Nice painting Silens. I like the gold armour and the red of the cloak. The blending on the sword looks good too but I think it might look better if you take it a little lighter.


----------



## Silens (Dec 26, 2010)

I did take it up to yellow, but I've only got bad moons yellow and it ended up looking like a rocket ship lolly pop...


----------



## Shogun_Nate (Aug 2, 2008)

Howdy bud!

Looks like a fine job to me! I really think the only thing that detracts from this mini is the lighting. Still, that one pic showing the front of him with the wings on looks very good! One suggestion I have would be to go back with the base color red you used for the cloak, thin it down to a wash-like consistency and go over the cloak again. I think it would help to bring all the highlighting work you've done on it together and neaten up the effect a bit. 

Good luck and good gaming,

Nate


----------



## Azkaellon (Jun 23, 2009)

Hmmm lets see a picture of him next to a terminator!

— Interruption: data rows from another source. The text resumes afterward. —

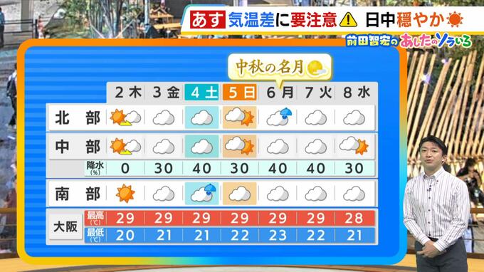 10月2日(木)の近畿地方は、穏やかに晴れて洗濯日和。朝と日中の気温差が非常に大きくなりそうです。 1日(水)は、上空に寒気が流れ込んだ影響で、大気の状態が非常に不安定になり、近畿の北部や中部のあち…
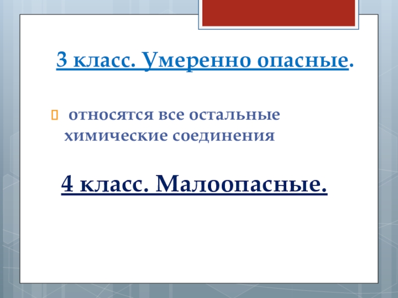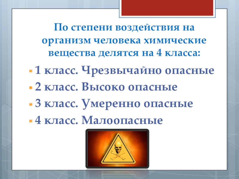 Слайд 4По степени воздействия на организм человека химические вещества делятся на 4
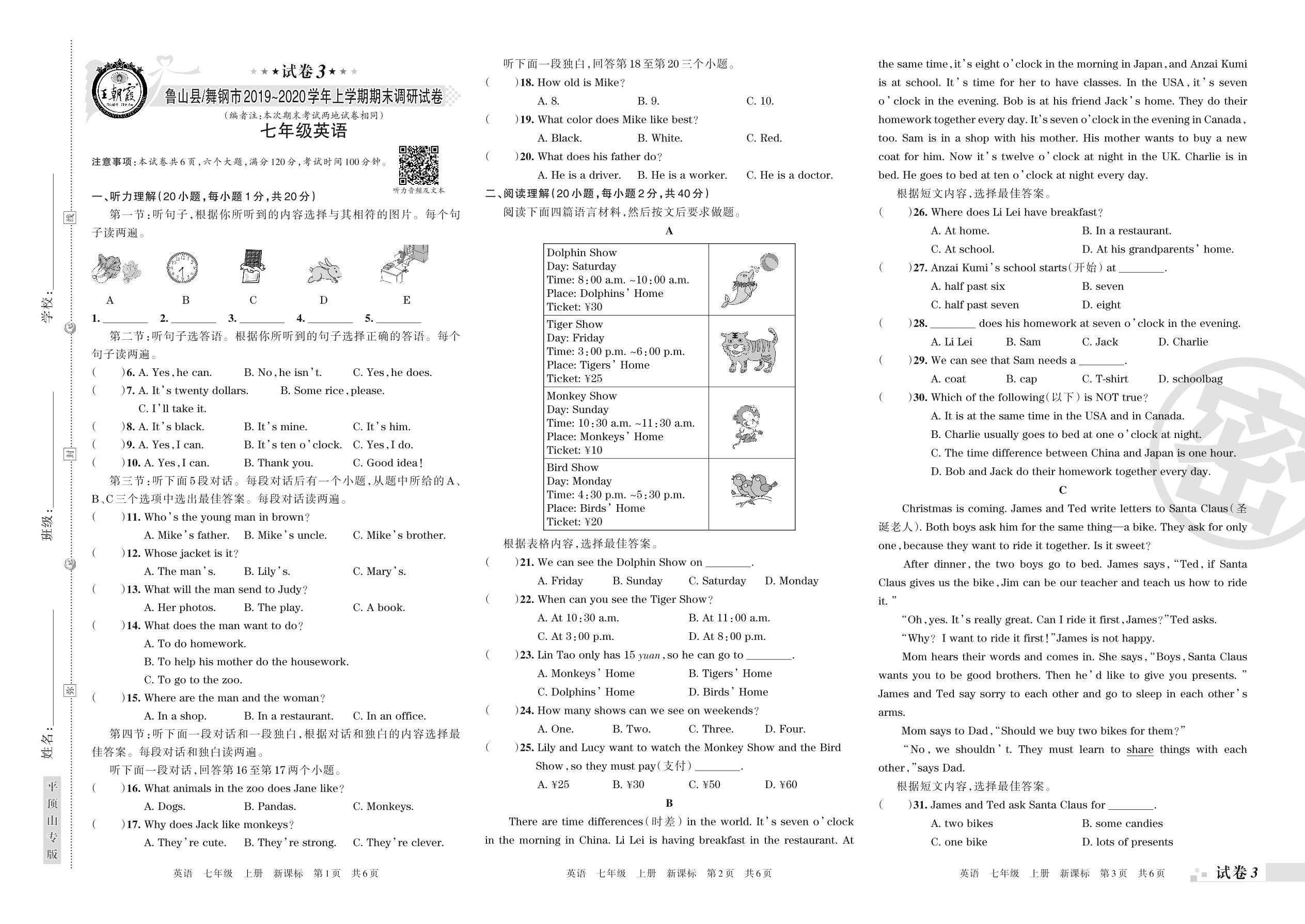 2019-2020学年第一学期鲁山县、舞钢市七年级英语试卷(新课版)【3】
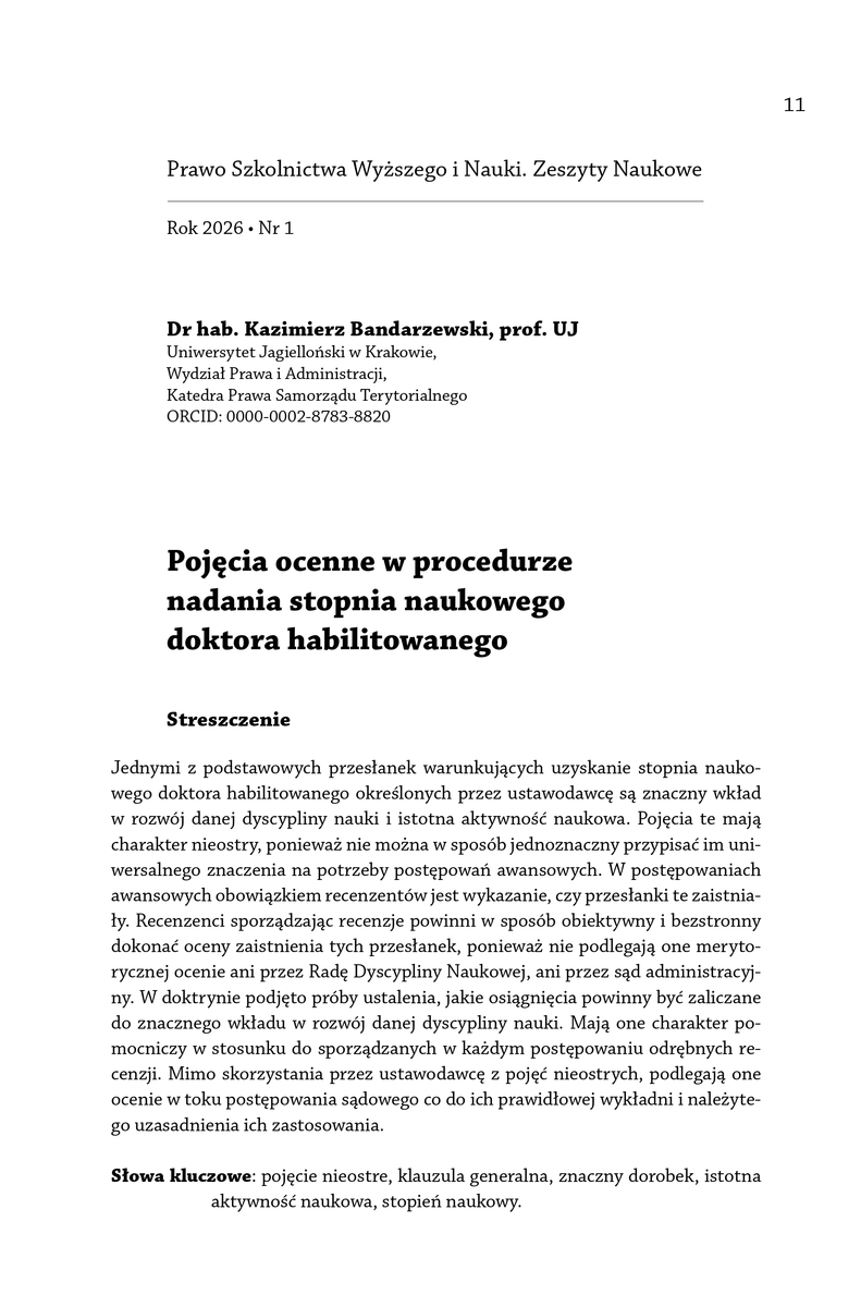 Jednymi z podstawowych przesłanek warunkujących uzyskanie stopnia naukowego doktora habilitowanego, określonymi przez ustawodawcę, są znaczny wkład w rozwój danej dyscypliny nauki i istotna aktywność naukowa. Pojęcia te mają charakter nieostry, ponieważ nie można w sposób jednoznaczny przypisać im uniwersalnego znaczenia na potrzeby postępowań awansowych. W postępowaniach awansowych obowiązkiem recenzentów jest wykazanie, czy przesłanki te zaistniały. Recenzenci sporządzając recenzje powinni w sposób obiektywny i bezstronny dokonać oceny zaistnienia tych przesłanek, ponieważ nie podlegają one merytorycznej ocenie ani przez Radę Dyscypliny Naukowej, ani przez sąd administracyjny. W doktrynie podjęto próby ustalenia, jakie osiągnięcia powinny być zaliczane do znacznego wkładu w rozwój danej dyscypliny nauki. Mają one charakter pomocniczy w stosunku do sporządzanych w każdym postępowaniu odrębnych recenzji. Mimo skorzystania przez ustawodawcę z pojęć nieostrych, podlegają one ocenie w toku postępowania sądowego co do ich prawidłowej wykładni i należytego uzasadnienia ich zastosowania.

Iv always wondered how close they are....

Other then that looks pretty cool.


----------



## Silens (Dec 26, 2010)

I shall get you one of those.


----------



## Azkaellon (Jun 23, 2009)

Ah thanks! i just posted up my new Azkaellon and custodes....since im looking for a good sized sanguinius model


----------



## Silens (Dec 26, 2010)

This thing is pretty freakin' huge, I will be honest.. If you do end up getting him, I'd advise either weighting the base or positioning the model a little closer to the center. He stands up for me.. Barely. It doesn't take much to knock him over so if you played games with him it'd be a nightmare. My phone doesn't seem to want to connect to my computer...

EDIT

Woo, my rep power went up to 8 

Merry Birthday, Azk'.


----------



## Silens (Dec 26, 2010)

I'm getting the Lion Knight in May.


----------



## Silens (Dec 26, 2010)

I may paint the circular panel on his chest with the Eye of Terra


----------